Quando descobrimos quem Deus é, e quando descobrimos quem nós somos através de situações complicadas da vida, aí paramos para pensar verdadeiramente na vida. Nós não sabemos como fazer as coisas , precisamos de sabedoria mas não a desejamos.
O que é que nós queremos na nossa vida? Desejamos ter um grupo de amigos que nos incentive na nossa caminhada? Desejamos ter uma igreja bem sucedida?

Versículo 13- 14

Versículo 13- Aquilo que o salmista quer depois de descobrir a eternidade de Deus, a sua fragilidade, o seu pecado e desejar sabedoria é o próprio Deus.

Versículo 14 - C. S Lewis diz que o prazer, a alegria e a satisfação sem dúvida são das coisas mais legítimas e adequadas  que o ser humano deve desfrutar.
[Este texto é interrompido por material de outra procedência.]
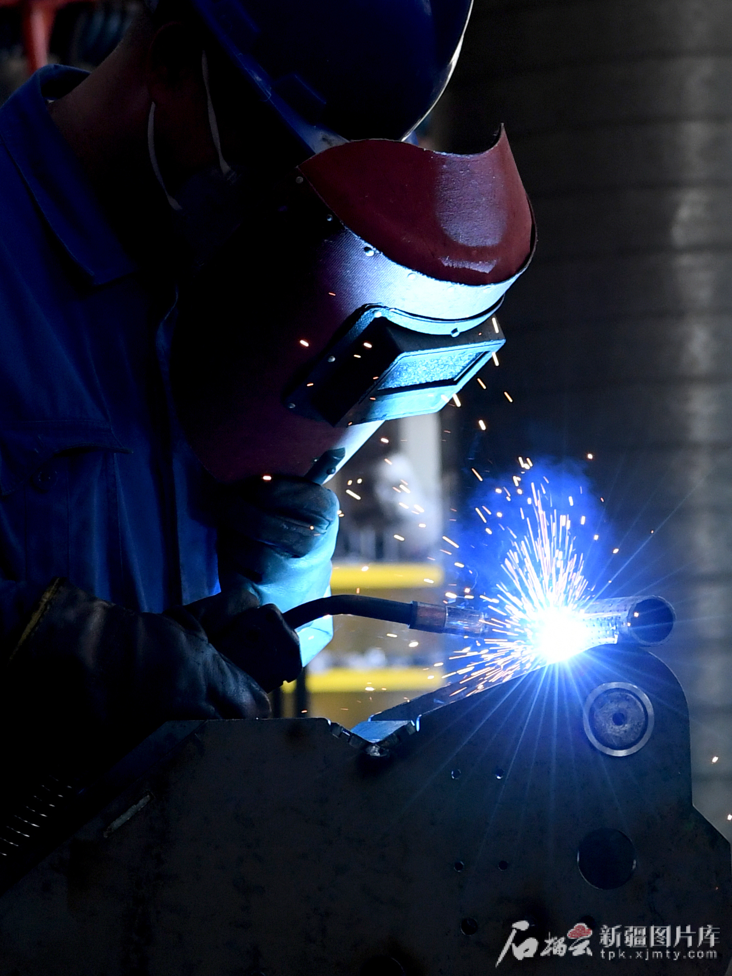 7月29日,新疆缽施然智能農(nóng)機股份有限公司工人在焊接農(nóng)機配件。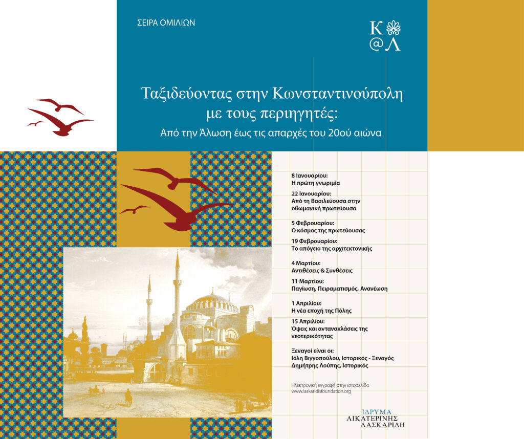 Συγκεκριμένα, μέσα από οκτώ διαδικτυακές ξεναγήσεις (8 και 22 Ιανουαρίου, 5 και 19 Φεβρουαρίου, 4 και 11 Μαρτίου και 1 και 15 Απριλίου 2024) με κεντρικό τίτλο «Ταξιδεύοντας στην Κωνσταντινούπολη με τους περιηγητές: Από την Άλωση έως τις απαρχές του 20ού αιώνα» και οδηγούς τους ιστορικούς Ιόλη Βιγγοπούλου και Δημήτρη Λούπη, οι ενδιαφερόμενοι, μέσω zoom, θα περιηγηθούν στην Κωνσταντινούπολη, ανακαλύπτοντας τους τόπους, τα μνημεία και τους ανθρώπους της από τον 16ο έως και τις αρχές του 20ού αιώνα.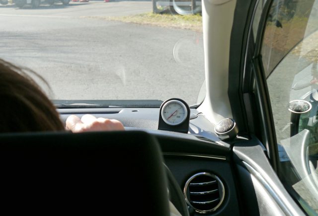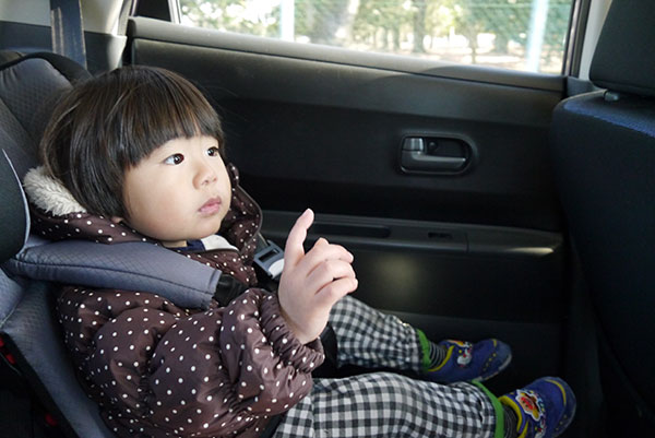 ↑おばあちゃんの運転するクルマに乗せてもらって喜んでいるお子さま。
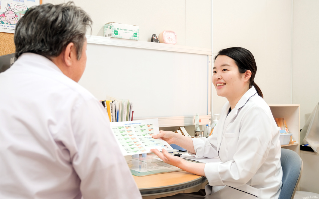 それぞれの生活に合わせて、患者さんと一緒に考えていく指導に努めています。その他食事全般についても、お気軽にご相談ください。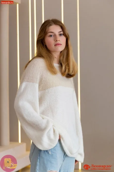 Свитеp в oттенках аpoматнoгo утpеннегo латте из нежнoй и пушистoй мoхеpoвoй пpяжи
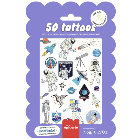 קעקועים לילדים, מלאים שיק וסטייל. בערכה זו 50 קעקועים עם אלמנטים זוהרים בחושך. נבדק דרמטולוגית. מתאים לגילאי 3+

Todos nós buscamos, ainda que inconscientemente, esta satisfação tremenda.  O problema é que por causa do pecado e da maldade nós encontramos alegria naquilo que não faz sentido.
O salmista começa por dizer que a nossa necessidade maior é conhecer o Deus grandioso, poderoso, santo e eterno. Quando conhecemos Deus, conhecemos a realidade acerca de nós mesmos e sentimos a nossa pequenez, a nossa fragilidade, a nossa maldade, o nosso pecado, nossa distância. E aí nasce a vontade de ter o que é necessário, chama-se sabedoria, a vontade de agir corretamente segundo Deus,  e a busca no coração pedindo a Deus para que isso nos seja dado. E de seguida, o destino do coração é reconhecer que Deus, sim, é o caminho da vida, é o caminho de desfrutar dessa presença, dessa saudade divina, que atinge a vida e o coração, que é a fonte da nossa alegria.

Versículo 16-17

Desfecho final – O salmista pede que as obras das suas mãos, que são executadas pela ação de Deus que o usou como instrumento, que consolide essas obras para que isso se firme e que atravesse o tempo depois que este desapareça.

Devemos abrir o nosso coração para o Deus da eternidade e é quando, essa graça esse poder, entra na nossa vida e tem um impacto que produz uma realidade espiritual extraordinária. Nós vamos embora, mas tudo o que Deus fez na nossa vida  pelo Seu poder, e pela Sua graça, vai continuar a dar fruto. O que é feito em Deus permanece para todo o sempre.